The plugin does **not** manage model installation. Call `FlutterGemma.installModel()` (and `FlutterGemma.installEmbedder()` for embeddings) before using the plugin. See [Getting Started](/docs/getting-started).

genkit_hybrid#

Provider-agnostic hybrid routing for Genkit. Combine any two existing Genkit models — on-device, cloud, or anything else — behind one routing policy. The result is an ordinary Model, so your app still calls a single ai.generate.

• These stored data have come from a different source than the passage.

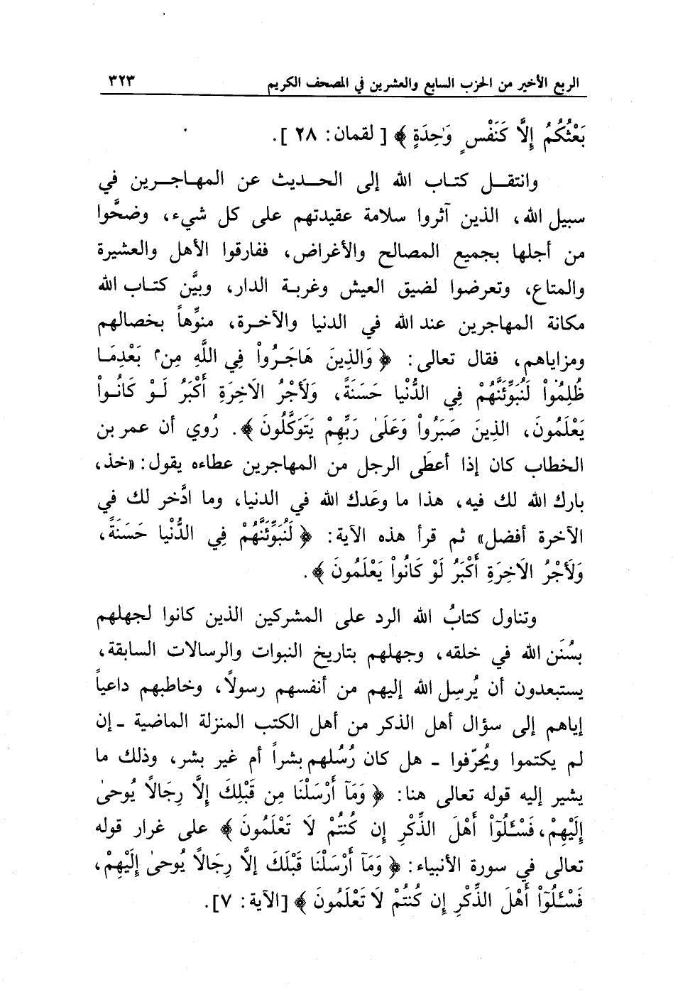 وانتقل كتاب الله إلى الحديث عن المهاجرين في سبيل الله، الذين آثروا سلامة عقيدتهم على كل شيء، وضحوا من أجلها بجميع المصالح والأغراض، ففارقوا الأهل والعشيرة والمتاع، وتعرضوا لضيق العيش وغربة الدار، وبين كتاب الله مكانة المهاجرين عند الله في الدنيا والآخرة، منوها بخصالهم ومزاياهم، فقال تعالى: {وَالَّذِينَ هَاجَرُوا فِي اللَّهِ مِنْ بَعْدِ مَا ظُلِمُوا لَنُبَوِّئَنَّهُمْ فِي الدُّنْيَا حَسَنَةً وَلَأَجْرُ الْآخِرَةِ أَكْبَرُ لَوْ كَانُوا يَعْلَمُونَ * الَّذِينَ صَبَرُوا وَعَلَى رَبِّهِمْ يَتَوَكَّلُونَ}. روي أن عمر بن الخطاب كان إذا أعطى الرجل من المهاجرين عطاءه يقول: " خذ، بارك الله لك فيه، هذا ما وعدك الله في الدنيا، وما ادخر لك في الآخرة أفضل " ثم قرأ هذه الآية: {لَنُبَوِّئَنَّهُمْ فِي الدُّنْيَا حَسَنَةً وَلَأَجْرُ الْآخِرَةِ أَكْبَرُ لَوْ كَانُوا يَعْلَمُونَ}.
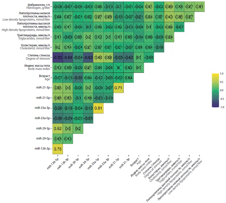 Результаты. У пациентов с КА высоких градаций по сравнению с группой сравнения была снижена экcпрессия miR-126-5p/-3p (4,8 и 5,9 vs. 8,5 и 7,6 соответственно; p < 0,001), miR-29-3p (7,6 vs. 10,3; p < 0,001) и повышена — miR-33a-5p (46,3 vs. 40,0; p < 0,05). Кластерный анализ подтвердил характерные паттерны экспрессии указанных микроРНК у пациентов с разной степенью поражения ВСА. Также определены значимые отрицательные корреляции между степенью стеноза и экспрессией miR-126-5p (ρ = –0,83; р < 0,05), miR-126-3p (ρ = –0,64; р < 0,05) и miR-29-3p (ρ = –0,62; р < 0,05).
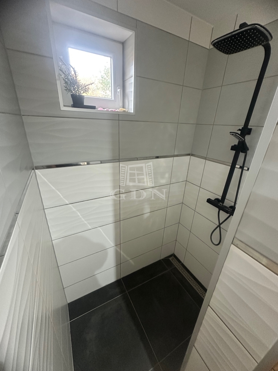 Mindkét szinten külön fürdőszoba található, saját bojlerrel, így a melegvíz-ellátás mindig zavartalan. A földszinti fürdőben kád és épített zuhanyzó is helyet kapott, míg az emeleten egy modern zuhanyzós kialakítás várja az ott lakókat.
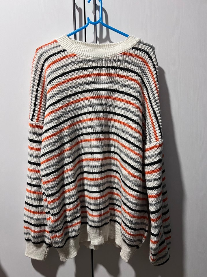 Çizgili desenli, uzun kollu, oversize kesim kadın triko kazak. Gri ve çok renkli, günlük kullanıma uygun rahat bir sokak stili kazak.
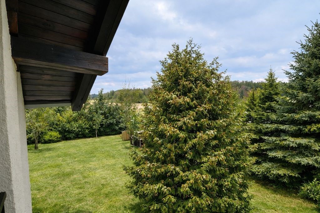 Zahrada je převážně rovinatá, po okrajích osázená okrasnými dřevinami a keři, celá oplocená, po zahradě je udělána automatická závlaha. V rohu zahrady je dřevěný zahradní domek, který je napojen na vodu a elektřinu. Vjezd je opatřen vraty na dálkové ovládání a parkovací plocha velmi prostorná, ze zámkové dlažby, cca pro 4 auta. V zadní části zahrady je také branka se vstupem do vedlejší ulice pod lesem.
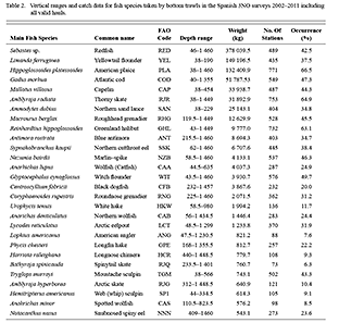Along with this we also observed that some species, as American plaice, considered strictly shallow, showed a large range of occurrence. The same case was observed by Iglesias et al. (1996) with information of catches in 1991 and during the second half of 1990 as well as in years 1992 and 1993 collected by observers on board the Spanish trawl fleet in Divs. 3LNM from the Regulatory Area of NAFO. American plaice presented a record occurrence in depths greater than the limits observed in the literature (deepest occurrence at over 1400 m).
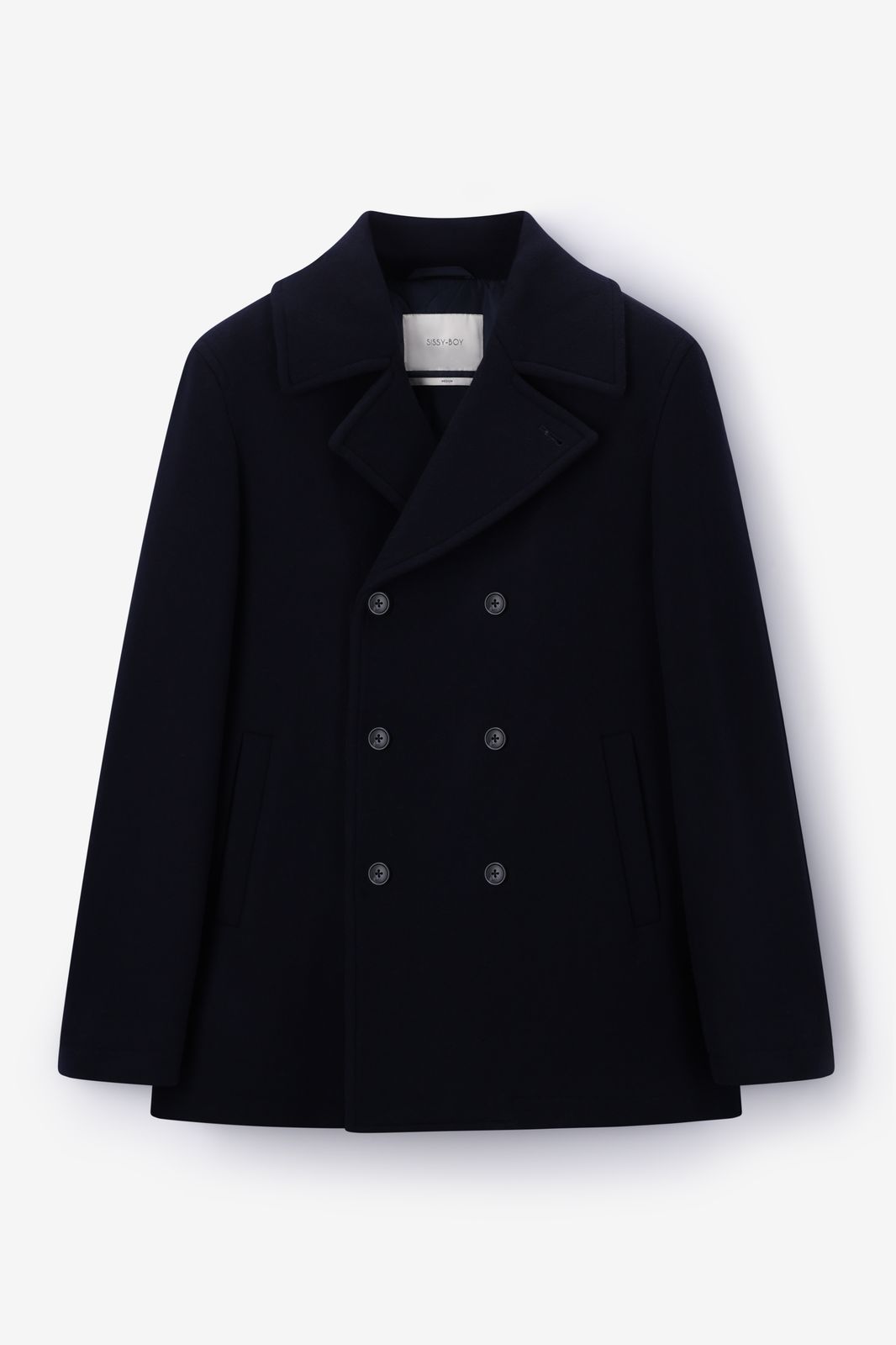 Dunkelblaue Peacoat-Jacke aus Wolle der Marke Sissy-Boy. Die Jacke hat einen Reverskragen, eine Knopfleiste, Seitentaschen und ein klassisches Peacoat-Design. Material: 70% Wolle, 30% Polyamid.
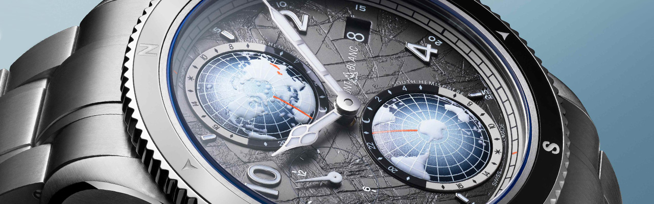 這款腕錶搭載MB 29.25自動機芯,配備自製世界時間複雜功能,包括旋轉北半球與南半球地球儀、24小時刻度、晝夜指示、雙時區顯示與日期顯示。這款腕錶配備42毫米鈦金屬錶殼,凹槽紋雙向黑色陶瓷錶圈飾以羅盤方位,搭配以橘色點綴的Sfumato深灰色冰川圖案錶盤,以及採用微調系統與梯形設計的可替換鈦金屬錶鍊。
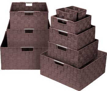 - - 9-piece set - Color: chocolate - Imported Set includes: - 2 Small: 5.75" x 3" x 3" - Medium: 8" x 8" x 3.5" - Large: 9.37" x 9.37" x 4.25" - X-Large: 11" x 11" x 5.25" - XX-Large: 11.75" x 11.75" x 5.75" - XXX-Large: 12.5" x 12.5" x 6" - XXXX-Large: 13.5" x 13.5" x 6.5" - XXXXX-Large: 15" x 15" x 7"
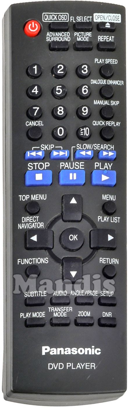 Power, Quick OSD, FL Select, Open / Close, Advanced Surround, Picture Mode, Repeat, 1, 2, 3, 4, 5, 6, 7, 8, 9, 0, ≧10, Cancel, Play Speed, Dialogue Enhancer, Manual Skip, Quick Replay, I<< Skip, Skip >>I, << Slow/Search, Slow/Search >>, Stop, Pause, Play, Top Menu / Direct Navigator, Menu / Play List, Up, Left, OK, Right, Down, Functions, Return, Subtitle, Audio, Angle / Page, Setup, Play Mode, Transfer Mode, Zoom, DNR
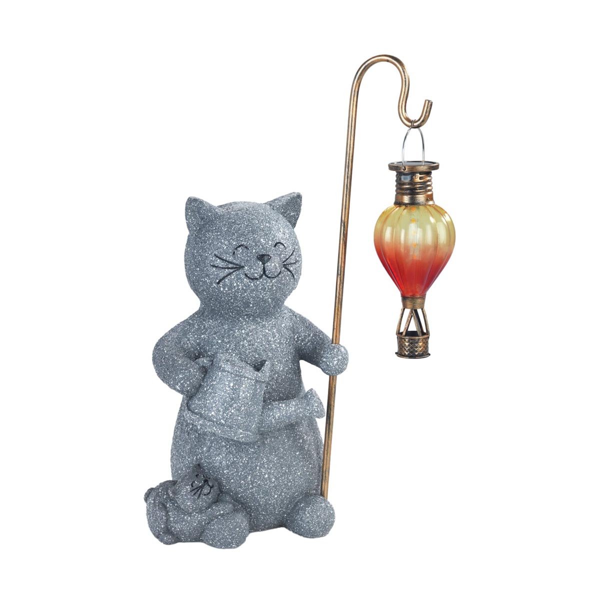 Tato originální zahradní soška ve tvaru kočky s horkovzdušným balónem je krásnou dekorací na zahradu, která vytvoří příjemnou atmosféru během večerního posezení. LED světlo uvnitř balónu vydává teplé, jemně blikající světlo a funguje jako stylová LED dekorace pro venkovní prostory.
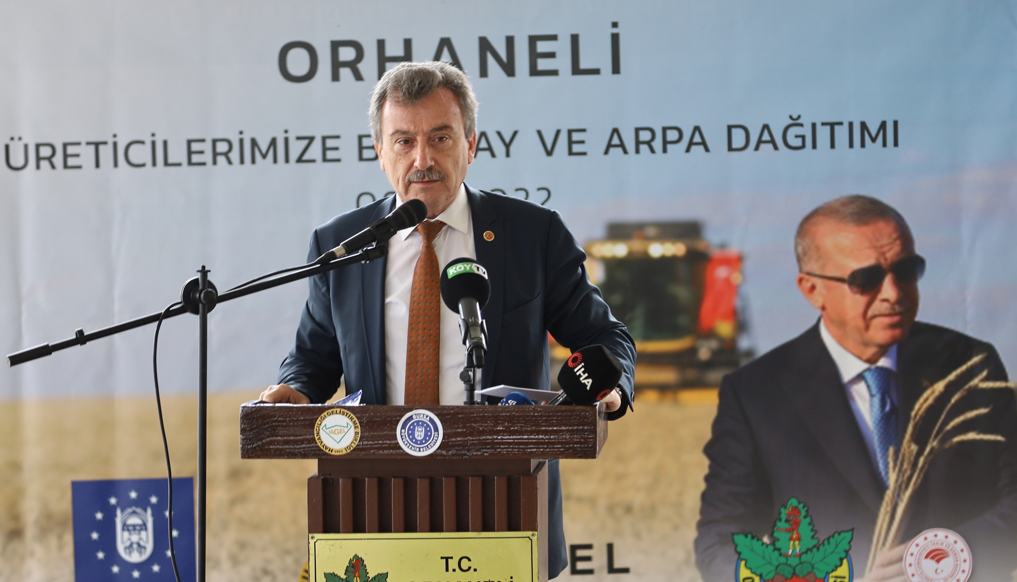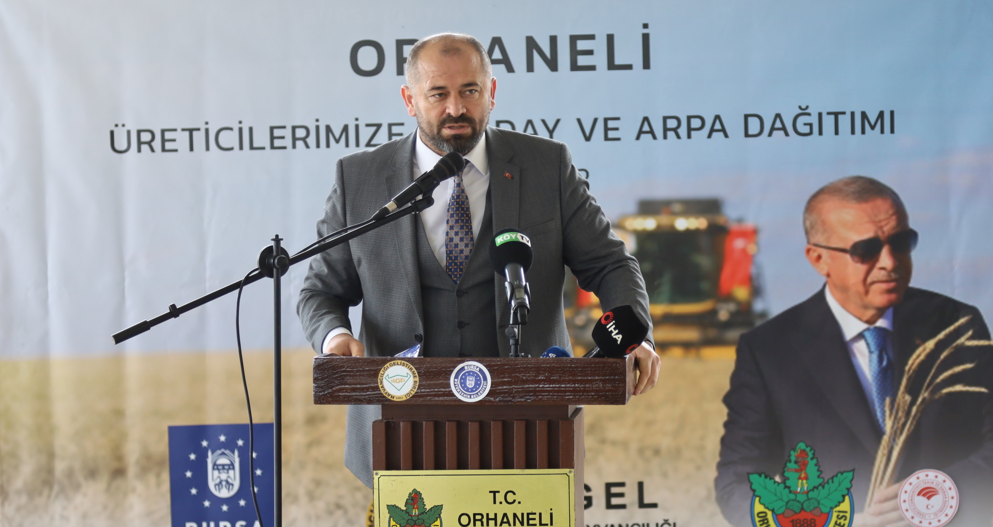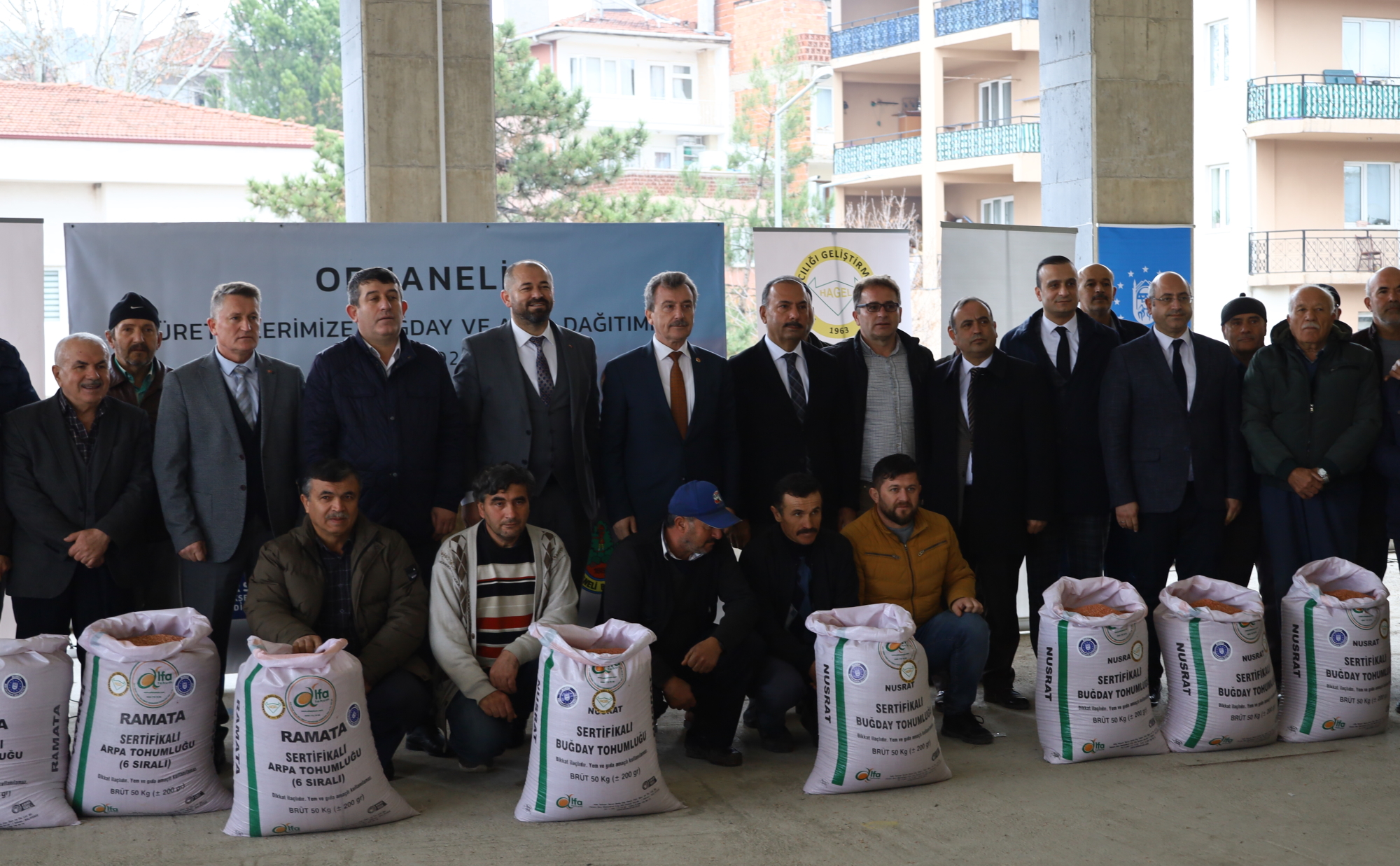 Bursa Büyükşehir Belediyesi, İl Tarım Orman Müdürlüğü ve HAGEL işbirliğiyle düzenlenen buğday ve arpa dağıtım törenine İl Tarım ve Orman Müdürü Hamit Aygül, Bursa Büyükşehir Belediyesi Başkanvekili Süleyman Çelik ve Orhaneli Belediye Başkanı Ali Aykurt ile üreticiler katıldı.

genkit_hybrid depends only on genkit — it has no dependency on flutter_gemma and works with any pair of Genkit models.

Add to pubspec.yaml#

dependencies:
  genkit_hybrid: ^0.1.0
  genkit: ^0.14.0

Basic usage#

import 'package:genkit/genkit.dart';
import 'package:genkit_hybrid/genkit_hybrid.dart';

final ai = Genkit();

// onDeviceModel and cloudModel are ordinary Genkit Models you already have.
final smart = hybridModelOnDeviceCloud(
  onDevice: onDeviceModel,
  cloud: cloudModel,
  strategy: ConnectivityStrategy(
    isOnline: () => connectivity.isOnline,
    online: kCloud,
    offline: kOnDevice,
  ),
);

// A hybrid model is an ordinary Model — register it, then use it like any other.
ai.registry.register(smart);

final response = await ai.generate(model: smart, prompt: 'Hello!');

Routing strategies#

Strategy	Routes on
`PreRoutingStrategy(fn)`	your own function (privacy, cost, user tier…)
`FallbackStrategy(order)`	fixed priority order — `kOnDevice` first or `kCloud` first
`ConnectivityStrategy(...)`	network availability
`InputSizeStrategy(...)`	prompt length
`FirstMatch([...])`	first child strategy that decides (chain of rules)
`WithFallback(s, fallbackOrder: order)`	any strategy's pick + a guaranteed fallback tail

Prefer on-device, fall back to cloud#

hybridModelOnDeviceCloud(
  onDevice: onDeviceModel,
  cloud: cloudModel,
  strategy: FallbackStrategy([kOnDevice, kCloud]),
);

Chain multiple rules#

hybridModelOnDeviceCloud(
  onDevice: onDeviceModel,
  cloud: cloudModel,
  strategy: WithFallback(
    FirstMatch([
      PreRoutingStrategy((c) => userOptedOutOfCloud ? kOnDevice : ''),
      ConnectivityStrategy(
        isOnline: () => net.isOnline,
        online: kCloud,
        offline: kOnDevice,
      ),
    ]),
    fallbackOrder: [kOnDevice],
  ),
);

Streaming and fallback#

Fallback during streaming happens only before the first token. If a branch fails before emitting any output, the next branch is tried transparently. Once the first token has streamed, a later failure propagates as an error — a partially delivered response cannot be silently re-routed.

`genkit_hybrid` works with **any** Genkit models, not just flutter_gemma. You can combine `gemini-1.5-flash` (cloud) with a local Ollama model, or any other pair that Genkit supports.